Exercise description: A faithful transcript of all the lines below, with no pictures, is the goal here.

Source material:
====================

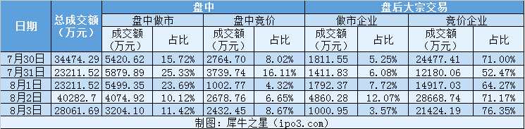本周(7月30日—8月3日)新三板市場(chǎng)交易總額為14.93億元,其中盤內(nèi)成交3.67億元,盤后大宗交易成交11.26億元。
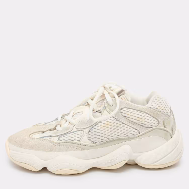 Pre Owned حذاء رياضي ييزي × أديداس 500 ييزي سويدي وشبكي كريمي 'بعظام بيضاء' منخفض القصة مقاس 36
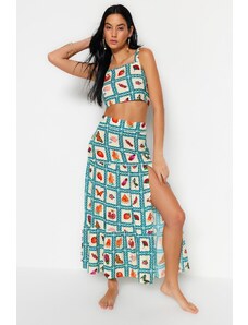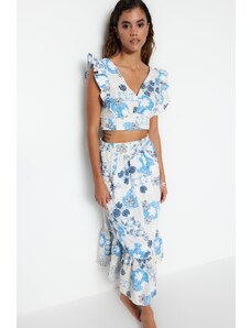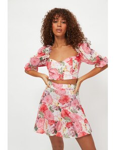 Trendyol súprava blúzky a sukne s ovocným vzorom a rozparkom
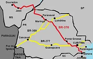 The BR-376, also known as Rodovia do Café (Coffee Highway), is a Brazilian federal highway that connects the cities of Garuva, in the state of Santa Catarina, to Dourados, Mato Grosso do Sul. It has a total length of 958.3 km.[1]
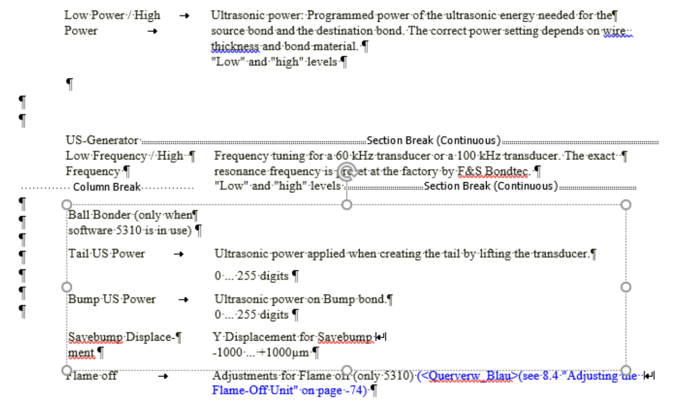 Często opiera się wyrównanie zawartości w komórkach na znacznikach na linijce, co prowadzi do niespójności. Mogą być wyrównane do lewej z postrzępionym marginesem, choć komórki, przykładowo, powinny być wyśrodkowane. Problem staje się widoczny i wymaga ponownej, ręcznej korekty formatowania przy większej ilości tłumaczonego tekstu technicznego.

====================

Solution for this task:
本周(7月30日—8月3日)新三板市場(chǎng)交易總額為14.93億元,其中盤內(nèi)成交3.67億元,盤后大宗交易成交11.26億元。
 Pre Owned حذاء رياضي ييزي × أديداس 500 ييزي سويدي وشبكي كريمي 'بعظام بيضاء' منخفض القصة مقاس 36
 Trendyol súprava blúzky a sukne s ovocným vzorom a rozparkom
 The BR-376, also known as Rodovia do Café (Coffee Highway), is a Brazilian federal highway that connects the cities of Garuva, in the state of Santa Catarina, to Dourados, Mato Grosso do Sul. It has a total length of 958.3 km.[1]
 Często opiera się wyrównanie zawartości w komórkach na znacznikach na linijce, co prowadzi do niespójności. Mogą być wyrównane do lewej z postrzępionym marginesem, choć komórki, przykładowo, powinny być wyśrodkowane. Problem staje się widoczny i wymaga ponownej, ręcznej korekty formatowania przy większej ilości tłumaczonego tekstu technicznego.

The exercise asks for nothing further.